> **YOUR TASK**
All that is wanted is the exact text of each line from the one with "Créer pour ce" to the close of the listing, ends included.

> **MATERIAL TO PROCESS**
★ ★ ★ ★ ★ ★ ★
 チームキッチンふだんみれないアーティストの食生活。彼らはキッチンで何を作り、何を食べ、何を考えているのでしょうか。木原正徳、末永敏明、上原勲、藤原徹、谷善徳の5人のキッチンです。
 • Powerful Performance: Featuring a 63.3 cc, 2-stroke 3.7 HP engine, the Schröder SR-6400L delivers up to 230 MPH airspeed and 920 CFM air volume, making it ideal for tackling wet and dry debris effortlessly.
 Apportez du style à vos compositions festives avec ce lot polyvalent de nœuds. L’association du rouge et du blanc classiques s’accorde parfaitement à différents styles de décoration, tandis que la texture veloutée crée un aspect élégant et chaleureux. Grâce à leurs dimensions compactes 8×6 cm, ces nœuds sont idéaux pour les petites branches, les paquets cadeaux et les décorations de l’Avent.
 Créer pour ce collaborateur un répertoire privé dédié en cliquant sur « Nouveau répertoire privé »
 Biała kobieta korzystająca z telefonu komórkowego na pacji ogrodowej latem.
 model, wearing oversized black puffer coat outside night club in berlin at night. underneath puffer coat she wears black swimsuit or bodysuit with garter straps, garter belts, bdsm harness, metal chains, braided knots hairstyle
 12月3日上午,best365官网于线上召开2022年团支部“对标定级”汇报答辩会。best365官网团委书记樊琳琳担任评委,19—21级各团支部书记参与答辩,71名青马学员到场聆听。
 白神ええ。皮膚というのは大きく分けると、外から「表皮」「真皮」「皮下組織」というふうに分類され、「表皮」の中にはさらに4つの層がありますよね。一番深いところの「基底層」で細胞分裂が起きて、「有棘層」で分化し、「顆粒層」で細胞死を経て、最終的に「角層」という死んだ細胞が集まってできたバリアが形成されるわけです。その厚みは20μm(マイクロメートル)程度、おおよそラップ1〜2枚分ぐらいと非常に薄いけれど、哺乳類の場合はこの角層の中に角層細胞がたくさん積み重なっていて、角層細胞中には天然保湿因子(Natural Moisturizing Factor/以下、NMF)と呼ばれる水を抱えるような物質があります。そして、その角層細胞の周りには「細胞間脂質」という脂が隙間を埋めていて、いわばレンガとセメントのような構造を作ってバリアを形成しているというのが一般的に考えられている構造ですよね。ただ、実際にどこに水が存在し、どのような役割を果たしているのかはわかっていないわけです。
★ ★ ★ ★ ★ ★ ★
> **THE ANSWER**
 Créer pour ce collaborateur un répertoire privé dédié en cliquant sur « Nouveau répertoire privé »
 Biała kobieta korzystająca z telefonu komórkowego na pacji ogrodowej latem.
 model, wearing oversized black puffer coat outside night club in berlin at night. underneath puffer coat she wears black swimsuit or bodysuit with garter straps, garter belts, bdsm harness, metal chains, braided knots hairstyle
 12月3日上午,best365官网于线上召开2022年团支部“对标定级”汇报答辩会。best365官网团委书记樊琳琳担任评委,19—21级各团支部书记参与答辩,71名青马学员到场聆听。
 白神ええ。皮膚というのは大きく分けると、外から「表皮」「真皮」「皮下組織」というふうに分類され、「表皮」の中にはさらに4つの層がありますよね。一番深いところの「基底層」で細胞分裂が起きて、「有棘層」で分化し、「顆粒層」で細胞死を経て、最終的に「角層」という死んだ細胞が集まってできたバリアが形成されるわけです。その厚みは20μm(マイクロメートル)程度、おおよそラップ1〜2枚分ぐらいと非常に薄いけれど、哺乳類の場合はこの角層の中に角層細胞がたくさん積み重なっていて、角層細胞中には天然保湿因子(Natural Moisturizing Factor/以下、NMF)と呼ばれる水を抱えるような物質があります。そして、その角層細胞の周りには「細胞間脂質」という脂が隙間を埋めていて、いわばレンガとセメントのような構造を作ってバリアを形成しているというのが一般的に考えられている構造ですよね。ただ、実際にどこに水が存在し、どのような役割を果たしているのかはわかっていないわけです。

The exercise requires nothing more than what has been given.